Berlin (epd). Deutschland stoppt die Corona-Impfungen mit dem Mittel von Astrazeneca weitgehend für Menschen unter 60 Jahren. Nach einer aktuellen Empfehlung der Ständigen Impfkommission entschieden am Dienstag die Gesundheitsminister und Regierungschefs von Bund und Ländern, das Vakzin wegen einer aufgetauchten Nebenwirkung uneingeschränkt nur noch an über 60-Jährige zu vergeben. Bundesgesundheitsminister Jens Spahn (CDU) sagte am späten Abend, dies sei "ohne Frage ein Rückschlag" für die Impfkampagne. Bundeskanzlerin Angela Merkel (CDU), die gemeinsam mit ihm vor die Presse getreten war, warb für weiteres Vertrauen und Zuversicht.

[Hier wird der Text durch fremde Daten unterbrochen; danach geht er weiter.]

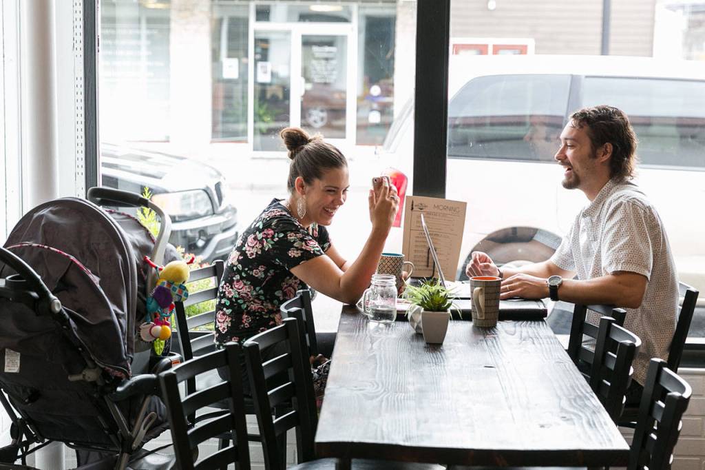 Kiersten Baiamonte, left, and Antonio Baiamonte enjoy coffee Friday morning at Moe’s Espresso in downtown Arlington on August 24, 2018. (Kevin Clark / The Herald)
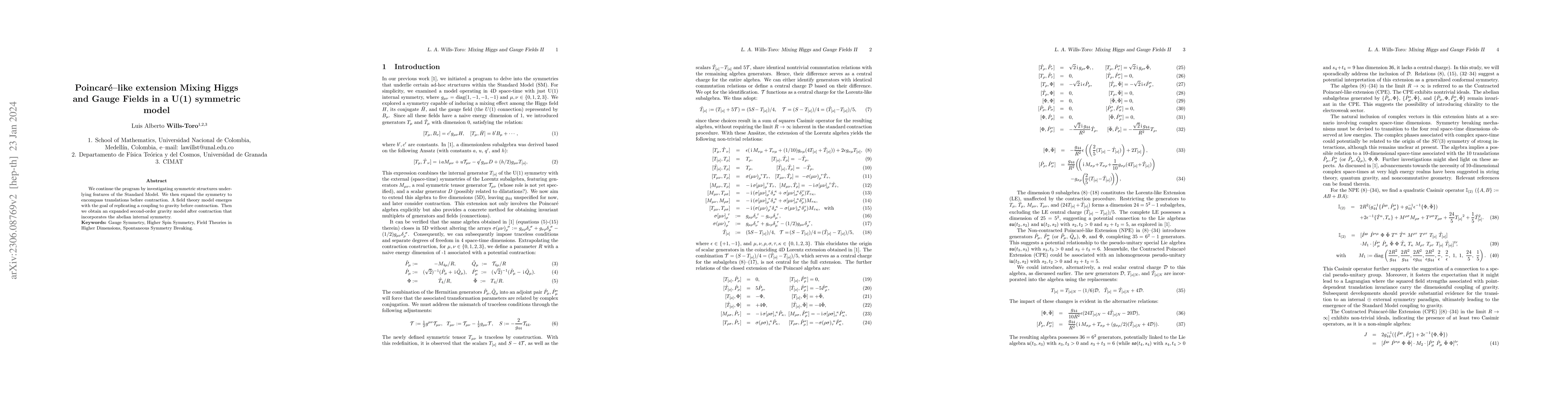 This paper explores a U(1) symmetric model that extends Poincaré-like structures to include mixing between Higgs and gauge fields, aiming to replicate a coupling to gravity before symmetry contraction, resulting in an expanded second-order gravity model with an abelian internal symmetry.
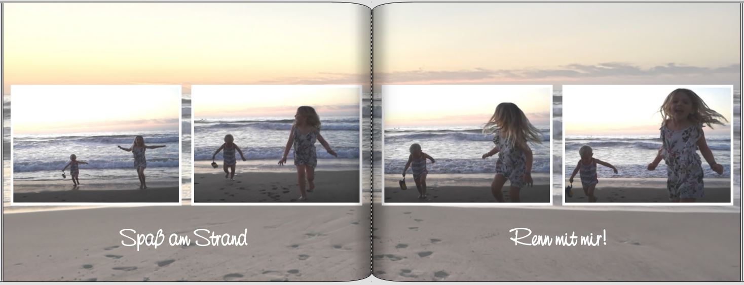 Für diese CEWE FOTOBUCH Seite habe ich Fotos aneinander gereiht, die in Sequenz aufgenommen wurden, um die Freude und Bewegung wieder zu spiegeln.
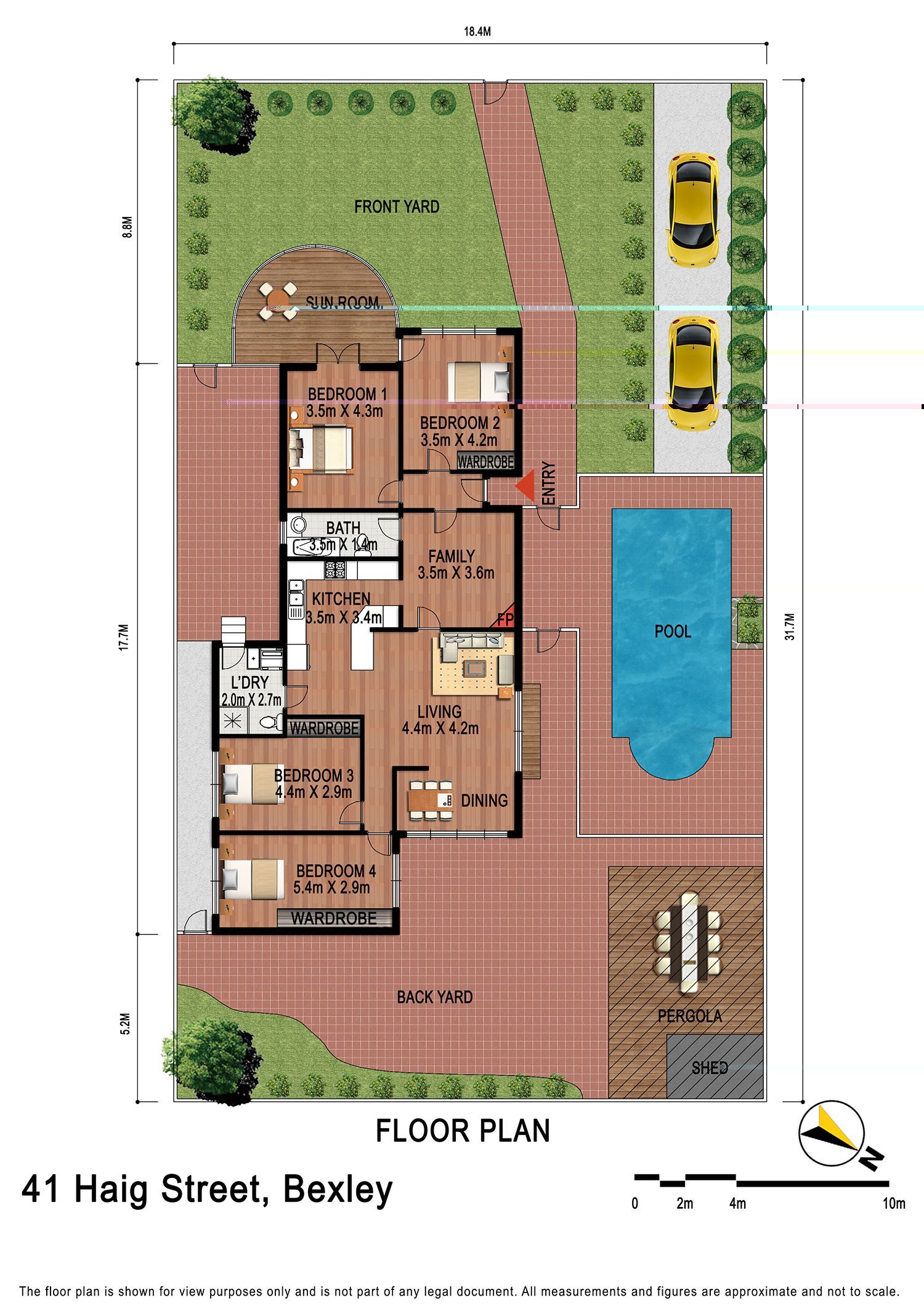 Features include: - Formal and casual living areas - Large kitchen with breakfast bar and pantry - 4 large bedrooms with built-in wardrobes - Additional sunroom/study room - 2 bathrooms - Air-conditioner and alarm system - Private backyard and inground swimming pool
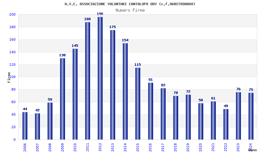 | Anno | Firme | Importi | Media | Naz. | Reg. | Prov. | Comu. |
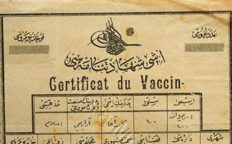 Çertifikatë vaksinimi kundër pandemisë në kohën e Perandorisë Osmane gjatë periudhës së Sulltan Abdulhamidit të dytë në vitin 1326 hixhri:
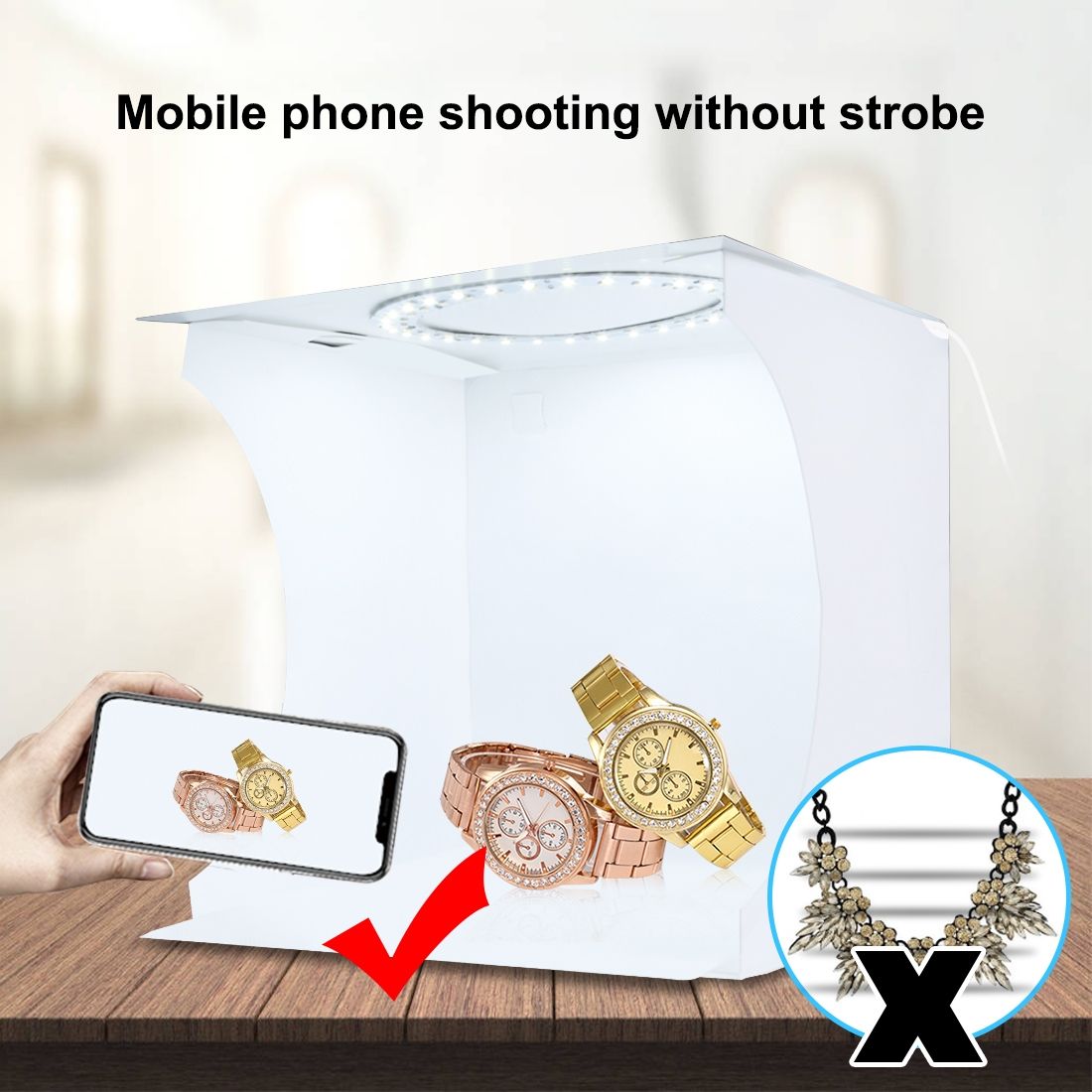 2. Light box Studio allows quick and easy shooting of small products such as jewelry, accessories, toys, watches, gadgets and other items.
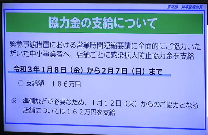 • 1都3県の緊急事態宣言発出。飲食店は20時までの時短要請。菅総理「今一度制約のある生活をお願いする」

Die Frage sei nach wie vor nicht "Astrazeneca oder kein Impfstoff", sagte Merkel und verwies auf die erwarteten größeren Liefermengen anderer Hersteller in den nächsten Wochen. Zunächst müsse die Impfkampagne nach dem weitgehenden Stopp von Astrazeneca aber neu organisiert werden, was Lieferungen an Impfzentren, mobile Teams und nach Ostern Hausarztpraxen betrifft, sagte sie. Bund, Länder und Kommunen würden dies gemeinsam anpacken.
Die Stiko am Robert-Koch-Institut hatte am Dienstag empfohlen, das Vakzin gegen Covid-19 nur noch an Menschen ab 60 Jahren zu vergeben. Grund ist eine seltene, aber schwere Nebenwirkung: Insbesondere bei Frauen unter 60 Jahren waren Hirnvenenthrombosen aufgetreten. Laut Paul-Ehrlich-Institut gab es bis Montag 31 solcher Fälle im zeitlichen Zusammenhang mit einer Astrazeneca-Impfung, neun davon verliefen tödlich. Berlin, Brandenburg, Nordrhein-Westfalen sowie einzelne Kommunen und Kliniken hatten schon vor der aktuellen Stiko-Empfehlung die Impfungen mit dem Vakzin des schwedisch-britischen Herstellers bei Jüngeren ausgesetzt.
Die Gesundheitsminister von Bund und Ländern folgten der Stiko-Empfehlung. Gleichzeitig beschlossen sie, dass 60- bis 69-Jährige nun schneller ein Angebot für eine Impfung mit Astrazeneca erhalten sollen. Über das Vorziehen entscheiden die Länder. In diese Altersgruppe fällt auch Kanzlerin Merkel, die stets betont hatte, sich erst impfen zu lassen, wenn sie an der Reihe sei. Auf die Frage, ob sie sich mit Astrazeneca impfen lassen würde, sagte sie am Dienstagabend: "Die Möglichkeit, sich impfen zu lassen, ist für mich näher gerückt." Sie betonte dabei erneut, dass für sie dabei auch Astrazeneca in Betracht käme.
Auch für Jüngere ist die Impfung mit Astrazeneca dem Beschluss der Gesundheitsminister künftig nicht völlig ausgeschlossen. Bei Personen aus den Priorisierungsgruppen eins und zwei, die jünger als 60 sind, soll Astrazeneca weiter zum Einsatz kommen, wenn das unter Abwägung von Risiko und Nutzen mit dem Arzt so entschieden wird. Betroffene der Gruppen eins und zwei haben ein besonders hohes Risiko eines schweren oder sogar tödlichen Verlaufs von Covid-19. Sie profitieren also von einer Impfung am meisten.
Auch Zweitimpfungen mit Astrazeneca sollen nach Rücksprache mit dem Arzt zunächst möglich bleiben, entschieden die Gesundheitsminister. Eine zusätzliche Empfehlung dazu will die Stiko bis Ende April vorlegen. Weil der Abstand zwischen Erst- und Zweitimpfung bei Astrazeneca mit zwölf Wochen relativ groß ist, gab es bislang nur wenig Zweitimpfungen mit diesem Vakzin: Laut Robert Koch-Institut wurden bislang fast 2,7 Millionen Erstimpfungen vergeben. 767 Menschen haben die Zweitimpfung erhalten.
Insgesamt wurden bis Montagabend in Deutschland 13,2 Millionen Impfdosen aller Hersteller verabreicht, 9,2 Millionen davon Erstimpfungen. 11,1 Prozent der Bevölkerung haben der RKI-Statistik zufolge mindestens eine Corona-Schutzimpfung erhalten.